A novel strategy of selective gene delivery by using a uniform magnetic field

The application of a magnetic field to enhance the transfection efficiency has been reported to be mainly dependent on the magnetic force generated by a magnetic field gradient to attract paramagnetic bead‐conjugated carrier and polynucleotide complexes. This strategy has the advantage of targeting a point or an area on the culture vessel. However, it is difficult to target deeply placed tissues in vivo. Uniform magnetic field‐correlated effect is applicable to such a purpose. Here, we attempted to establish a novel procedure for uniform magnetic field‐dependent enhancement of transfection efficiency. We examined the effect of a 1.5 mT uniform magnetic field on cellular reactive oxygen species (ROS) level and transfection efficiency mediated by a ROS‐sensitive transfection carrier.

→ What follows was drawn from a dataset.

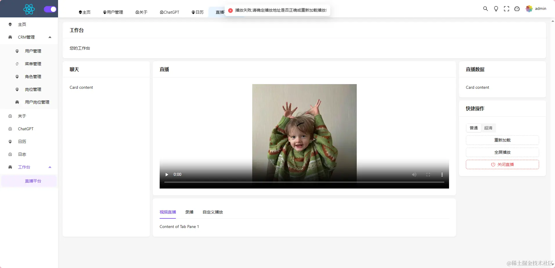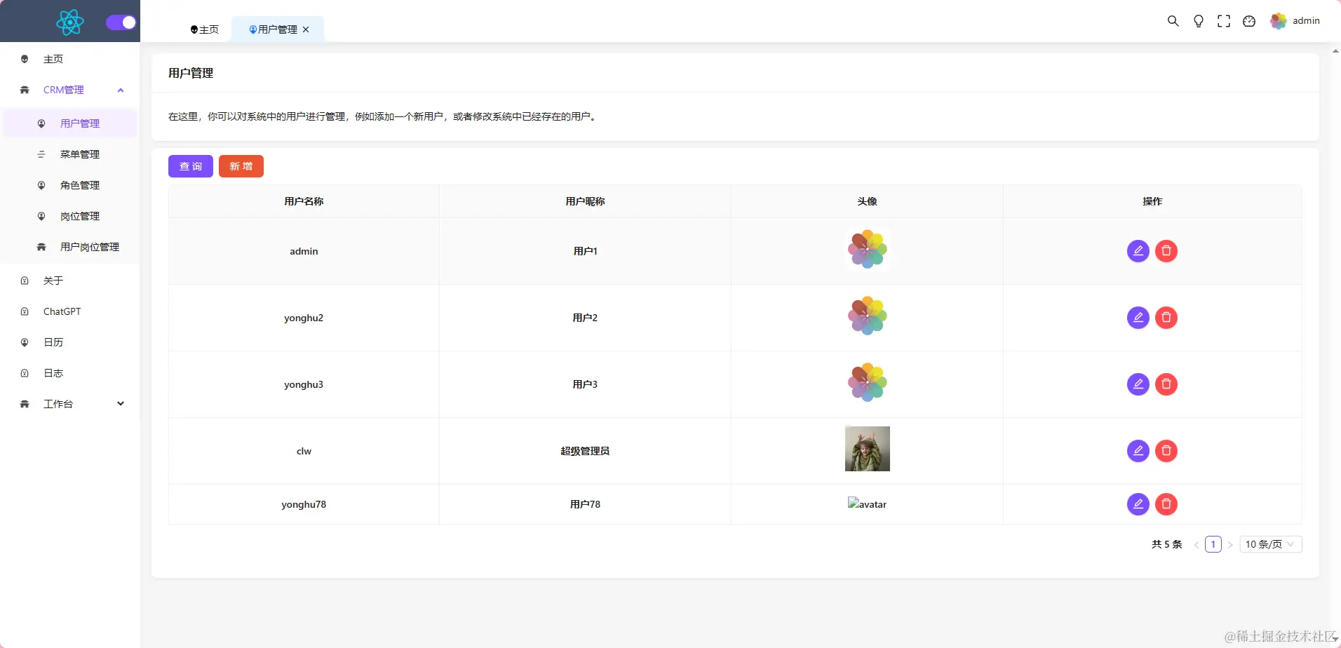 这是一个基于React18并使用Vite4.0构建的管理端项目。它实现了动态路由,标准的RBAC权限模型和多角色多岗位权限模型,包括登录鉴权,菜单管理等功能。

Our experimental results revealed that a 1.5 mT uniform magnetic field transiently decreased cellular ROS levels and strongly enhanced transfection efficiency mediated by polyethylenimine (PEI). The uniform magnetic field‐dependent enhancement of PEI‐mediated in vivo transfection was confirmed in the livers of mice. Local intensification of a uniform magnetic field in a culture dish resulted in selective gene delivery into cells on the target area. Although further examination and improvement are necessary for this procedure, our findings provide a novel option for spatial control of gene delivery. The authors demonstrate that a 1.5 mT uniform magnetic field transiently decreases cellular reactive oxygen species (ROS) level and strongly enhances transfection efficiency mediated by polyethylenimine (PEI), a ROS‐sensitive transfection carrier. This novel enhancing approach of transfection efficiency is applicable to selective gene delivery by using a locally intensified uniform magnetic field.